On August 18, 2005, Objector and his counsel filed a motion to disqualify the trial court based on a peremptory challenge and filed a motion to disqualify for cause on October 17, 2005, both of which were ultimately denied and/or struck by the trial court.  On or about October 13, 2005 Objector filed a motion to intervene and on or about October 19, 2005 filed both a motion to take discovery relating to the adequacy of plaintiffs as derivative representatives and a motion to dissolve the anti-suit injunction in connection with settlement.  On November 14, 2005, Plaintiffs filed a Motion For Further Findings pursuant to the remand ordered by the Court of Appeals. Defendants joined in that motion.  On February 3, 2006, the Court held a hearing on the various matters pending before it and ordered additional briefing from the parties and Objector. On June 30, 2006, the trial court entered an order confirming its approval of the class act ion settlement and entering judgment thereto after the Court of Appeals had remanded the matter for further findings.  The substantive terms of the settlement agreement remain unchanged.  The trial court also entered supplemental orders on July 1, 2006, denying Objector’s Motion to File a Complaint in Intervention, Objector’s Motion for Leave of Discovery and Objector’s Motion to Dissolve the Anti-Suit Injunction.  Notice of Entry of Judgment was served on July 10, 2006.
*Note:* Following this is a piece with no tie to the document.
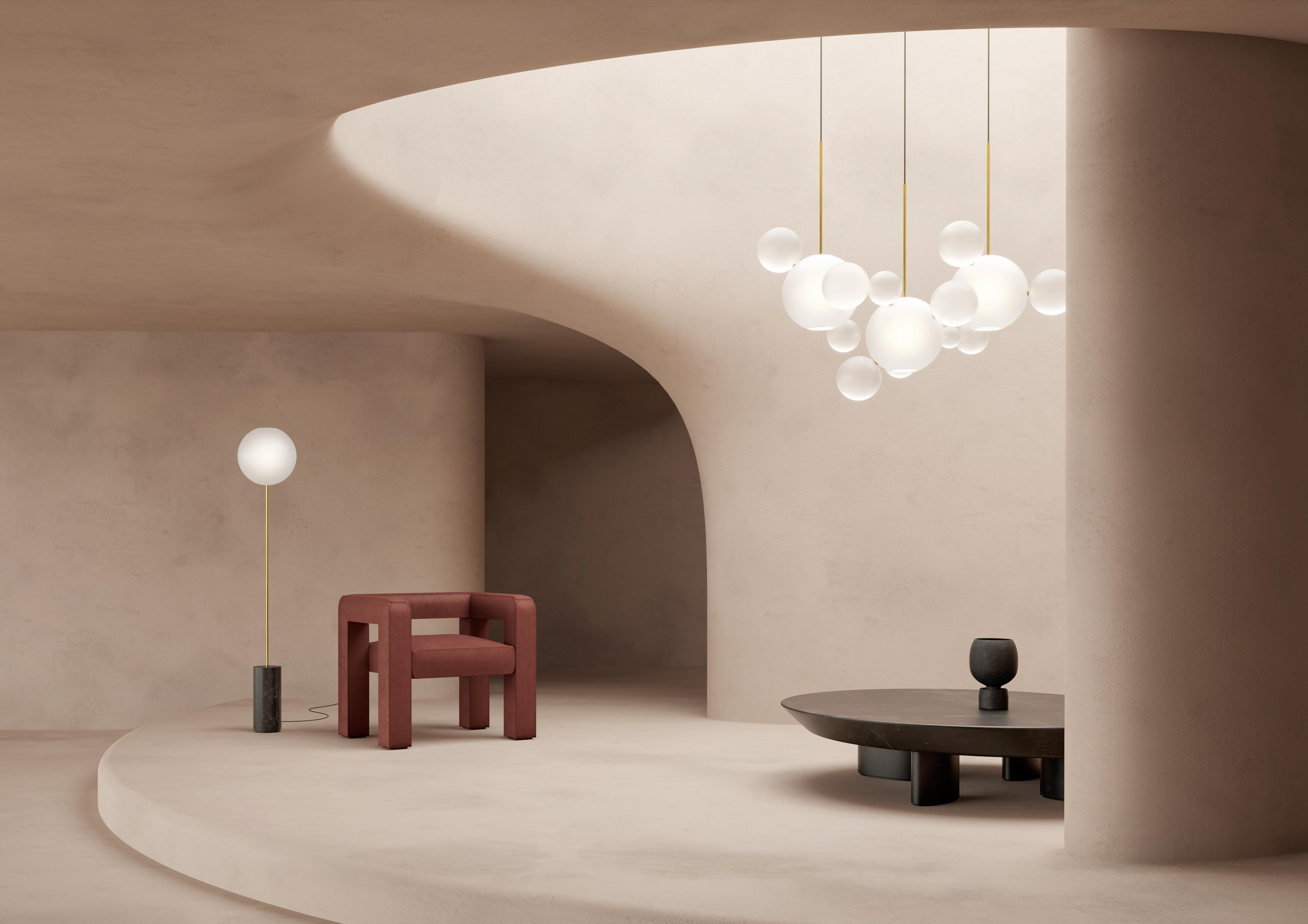 Elevate your space with the exquisite Bolle Frosted Suspensions by Giopato & Coombes. This stunning lighting fixture is an artistic exploration of light and texture, inspired by the soft, ethereal appearance of clouds. The frosted spheres crafted from hand-blown borosilicate glass feature a delicate frosting treatment, adding a tactile and visual softness. The elegant brass structure is available in various finishes, allowing customization to suit any refined interior.

The General Partner does not anticipate that any costs to the Partnership, whether legal or settlement costs, associated with these cases will be material to the Partnership’s overall operations.


AIMCO Properties L.P. and NHP Management Company, both affiliates of the General Partner, are defendants in a lawsuit alleging that they willfully violated the Fair Labor Standards Act (“FLSA”) by failing to pay maintenance workers overtime for all hours worked in excess of forty per week. The complaint, filed in the United States District Court for the District of Columbia, attempts to bring a collective action under the FLSA and seeks to certify state subclasses in California, Maryland, and the District of Columbia. Specifically, the plaintiffs contend that AIMCO Properties L.P. and NHP Management Company failed to compensate maintenance workers for time that they were required to be "on-call." Additionally, the complaint alleges AIMCO Properties L.P. and NHP Management Company failed to comply with the FLSA in compensating maintenance workers for time that they worked in excess of 40 hours in a week.   In June 2005 the court conditionally certified the collective action on both the on-call and overtime issues.  Approximately 1,049 individuals opted in to the class. The defendants are moving to decertify the collective action on both issues in briefs to be filed by August 15, 2006.  Because the court denied plaintiffs’ motion to certify state subclasses, on September 26, 2005, the plaintiffs filed a class action with the same allegations in the Superior Court of California (Contra Costa County), and on November 5, 2005 in Montgomery County Maryland Circuit Court.  The California case has been stayed, and the defendants have moved to stay the Maryland case as well. Although the outcome of any litigation is uncertain, AIMCO Properties, L.P. does not believe that the ultimate outcome will have a material adverse effect on its consolidated financial condition or results of operations. Similarly, the General Partner does not believe that the ultimate outcome will have a material adverse effect on the Partnership’s consolidated financial condition or results of operations.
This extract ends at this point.